Tuesday, May 20, 2008

And they're off...

Well, I put together my new server system that will (hopefully soon) be the host for my email and web sites.

Soon I should be saving a few buck by 'hosting my own'.

Finally.

Thursday, May 15, 2008

And baby makes three...

Well, there isn't actually a baby.

But, my original website (that is kind of my baby) is back in semi-active development.

I haven't gotten very far, because I am waiting to see if I have to stay on the original language that it was written in (PHP) and just add AJAX functionality with DOJO. Or, if I can completely rewrite it in Java or Django.

Now that I think about it, rewriting it in both would be a useful exercise - and advertisement.

Now I just need to be able to host everything myself.

From home.

Oh what a tangled web...

I have owned several domains for some time, and I seem to be accumulating them (slightly).

When I started (I can't remember exactly when that was), I only had one. Then I bought a second one that pointed to the first.

Now, I have five.

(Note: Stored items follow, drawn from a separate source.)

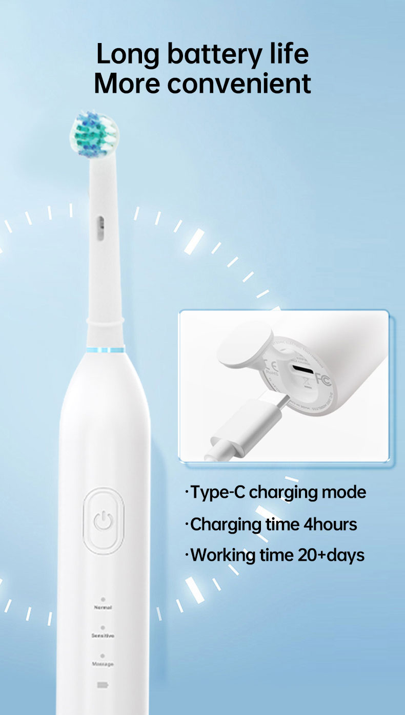 【30-денний термін служби батареї】 Електрична зубна щітка оснащена 4-годинним акумулятором швидкої зарядки, який працює до 30 днів, значно перевершуючи інші зубні щітки на ринку. ви завжди можете використовувати цю зубну щітку під час подорожі або у відрядженні
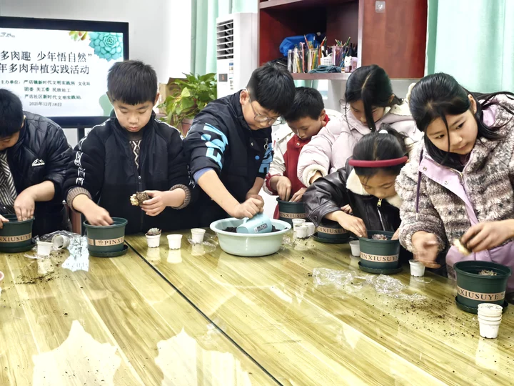 为培养青少年热爱自然、爱护植物的意识,丰富课余实践体验,2025年12月18日下午,由肥西县民政局、严店镇新时代文明实践所、严店镇社会事务服务中心、严店社区新时代文明实践站携手民欣社工举办的“手植多肉趣 少年悟自然”青少年多肉种植活动,在严店镇综合文化站温馨开展,多名小朋友踊跃参与,在指尖劳作中感受生命温度。
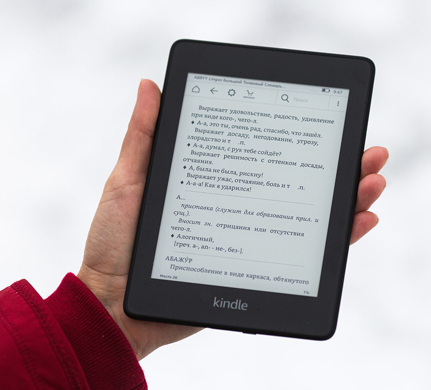 Самый тонкий и легкий ридер линейки Kindle Paperwhite представлен в 2018 году. Новая модель получила экран вровень с корпусом и плотностью точек 300 ppi. Бумагоподобный дисплей не бликует, и выглядит как настоящая бумага даже на ярком солнце. |

And I haven't gotten much further than I was when I had two.

At this point, I have the two that pretty much point to the same place - a web site hosted on someone else's servers. And a third that is pointing to email - hosted on someone else's servers.

Since I now have 'extra' domains, I can afford to try setting one up to do the things that I am paying others for now (web and email hosting). Also, if I am hosting my own web sites, then I will be able to take advantage of languages and hosting environments that I would be unwilling to pay extra for (JavaEE, etc).

And, I have a computer that spends all of its time turned on doing nothing hooked up to a broadband internet connection.

Hopefully, before Monday rolls back around, I will have at least a functioning test for my own web and mail host running.

Hopefully.

It's not just a scary snake anymore...

Looks like computer languages are going to get boosted.

I have begun taking a look at both Groovy and Python/Django.

So far, Groovy seems to be a streamlined version of Java that preserves complete compatibility with Java bytecode. I will have to do more playing before I can say anything more interesting about it though.

Python/Django are actually a combination of a language (Python) and a high-level web framework written in it (Django).

Python is kind of strange. There is no real declaration of variables - they just start to exist when you first use them. And, they are loosely typed - So, you can assign a variable a string value, then assign the same variable a numeric value. And the type magically changes. Also, whitespace matters. Rather than having any kind of code blocking characters, Python uses indenting.

Django looks like it should be useful for me at least for some more utilitarian sites. I'm fairly sure that as I get more comfortable with it, there will be more uses that 'pop up'. But for now, my unfamiliarity with Python and basic distrust of high-level languages are holding that back.

Stay tuned.

Ack! Too much progress...

After so long with no steady posting, this week should be a turn around.

I already have one post unrelated to my 'three post topics for May' and I have started doing something for each of the topics I pre-picked as well.

Watch for updates.

How can several SLSBs share the same interface?

Here is a tip that I wasn't able to find anywhere (maybe I didn't look hard enough).

It may be a rare situation that you would have a large number of session beans (EJB3 session beans) that need to share the exact same interface. And probably, there are several reasons why it could be argued that it is a bad idea anyway.

But, I had about twenty-five timer beans that only needed to expose the same single method 'setSchedule' - so that they could be scheduled.

When I first created all of these timers, I made separate interface classes for each of them so that I could easily access them like this:

@EJB private TimerInterface1 timerInstance;

That wasn't so bad - Even though every timer class that I created ended up having its own interface that was exactly like all of the others.

When I got up to twenty-five though - I thought there must be a better way.

And I finally found it. So now, I only have one interface class for all of the timers and here is how the particular bean that is needed gets declared and accessed. As a note, I happened to be using stateless session beans - the same should work for stateful.

(declaring)
@Stateless
public class ParticularBeanImplementation implements GenericInterface {


(accessing)
@EJB(beanName="ParticularBeanImplementation") private GenericInterface specificInstance;

I can't believe it took so long for me to find how to do this.